The constitutional crisis appears to be on the verge of looming – even if the administration has not yet completely ignored the courts.
Steve Vladeck, a professor at Georgetown University Law Center, told CNN’s Erika Hill on Monday. “And I think the courts are doing their job, at least for now,” however Vladeck added: “The question of whether administrative actions are actually legal is historically not that we leave it to administrative agencies.”
Still, the growing fear of lawless administration is underpinned by multiple indications that Trump views the rule of law as inconvenient. For example, he fired dozens of prosecutors who joined on January 6th shortly after returning to the White House.
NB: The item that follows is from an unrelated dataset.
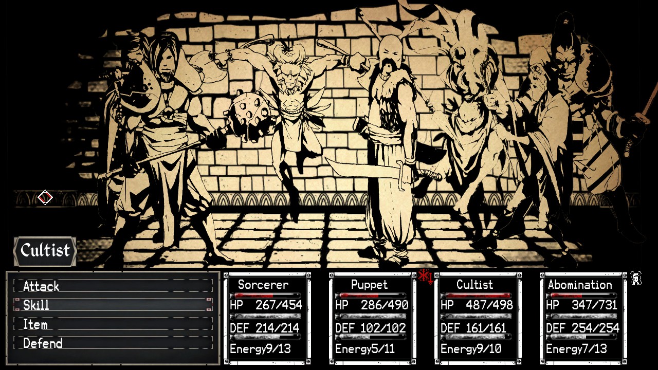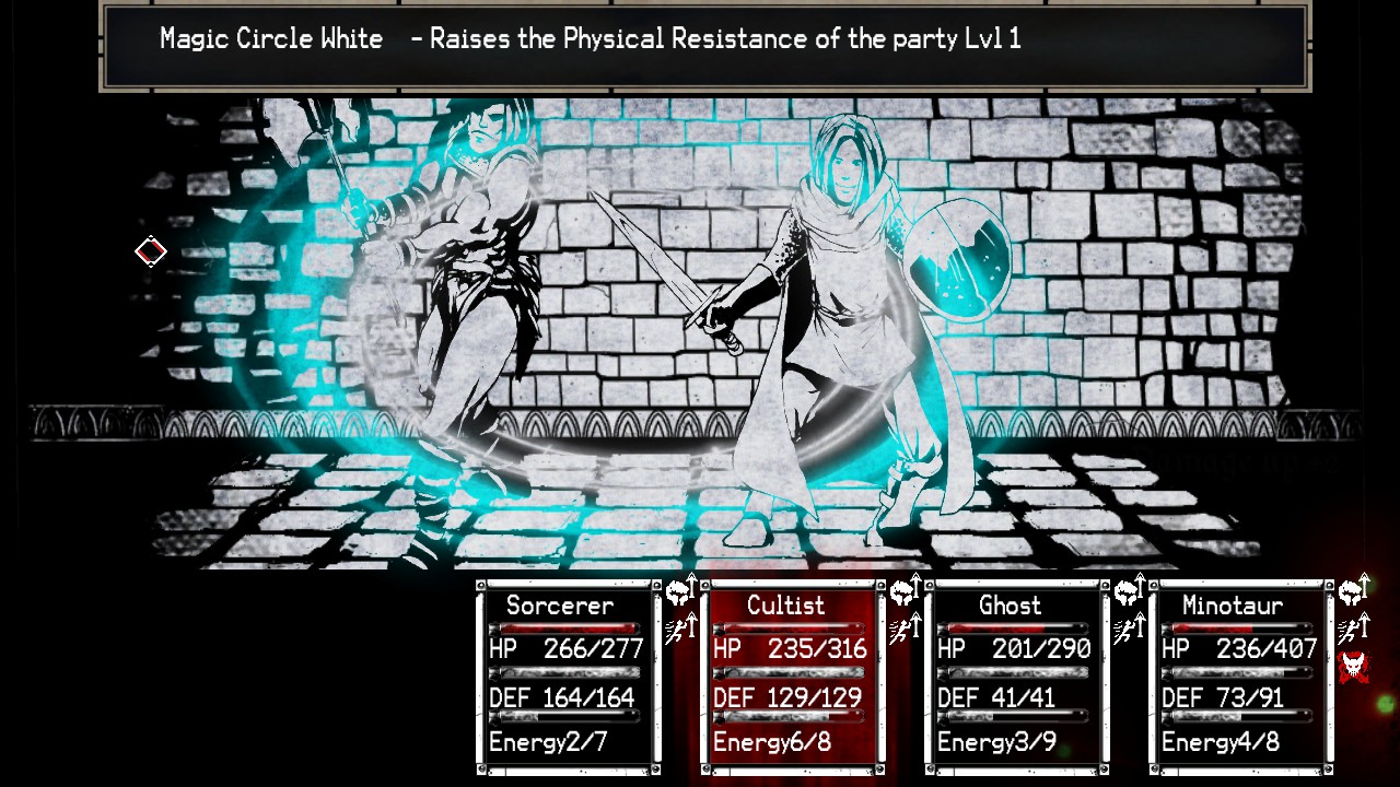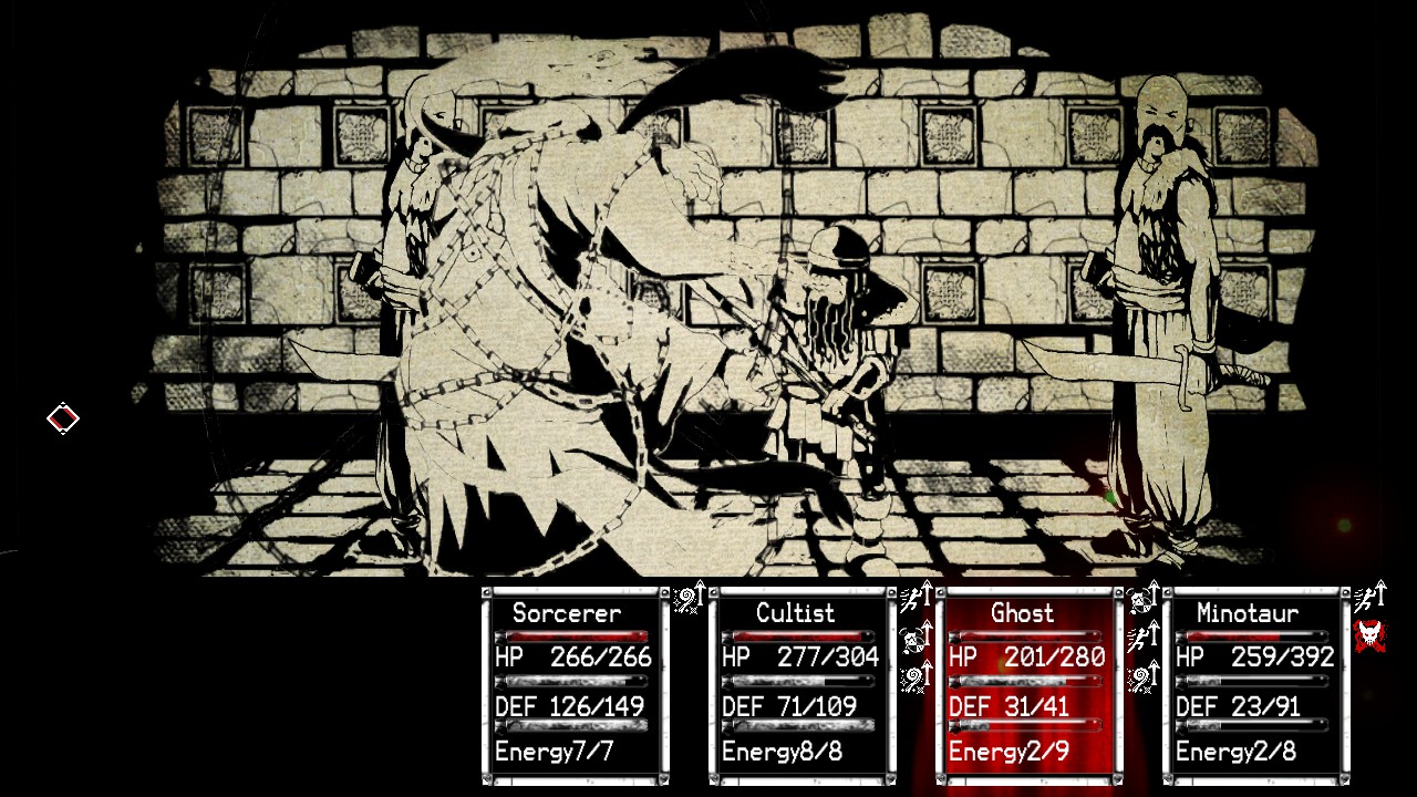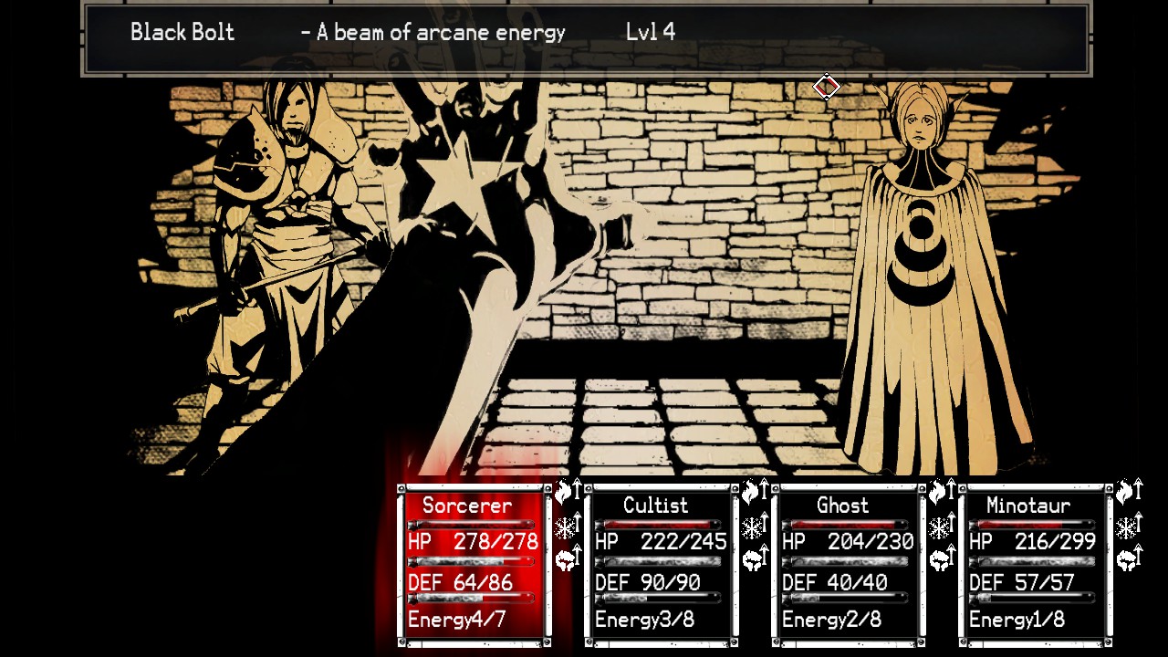 The game opens with a simple, fairytale-like animation showing a party of four heroes sealing a powerful evil sorcerer inside a magical book, the Librum Claustrum (actual Latin should read “Liber Claustrum”, but whatever). The rest of the game focuses on the unnamed sorcerer, the player character, and his escape from this mystical prison. For this, the sorcerer (by default a man who looks a bit like Elric of Melniboné, but there’s also a female option with only cosmetic differences) has a few allies on his side. One is the Spirit of the Book, who helps him escape the Librum for reasons that will become clearer the further he delves into the dungeons. The others are his former minions, every one of them based on a RPG mainstay, both as classes and as random encounters: the Goblin is a fast and sneaky thief, the Minotaur acts as a barbarian/tank, the Cultist is the healer/cleric, and so on.

And the prominent role of Musk, the pioneer of high-tech leader Trump’s Office of Government Efficiency, in shredding the vast federal sector, is also the huge government contracts his companies, including SpaceX, enjoy. He is an amazing ethics expert when you consider it.
Trump exacerbated these fears on Monday with the firing of the head of the government’s ethics department.
This came when the president gave former Illinois governor Rod Blagojevich a full pardon. He was convicted of multiple charges, including attempting to sell a US Senate seat previously held by Obama.
Meanwhile, Trump’s Justice Department has instructed prosecutors to stop New York City Mayor Eric Adams from federal corruption cases. The department claims that the claims are distracting the Democratic mayor from supporting Trump’s immigration enforcement efforts, and therefore he uses the DOJ to barter for political favors. It reinforced concerns that they were planning.
The president also tried to bounce back the enforcement power overseas. He repeatedly became Canada’s 51st province after being serious about his relocation plan.
I don’t think it’s too small for his attention. He also reversed the Biden administration environmental initiative to move away from the paper straws of the catering industry. “(They) break, they explode. If something is hot, it doesn’t last as long as minutes, sometimes just seconds. That’s a ridiculous situation,” Trump said.
“So we’re going back to plastic straws.”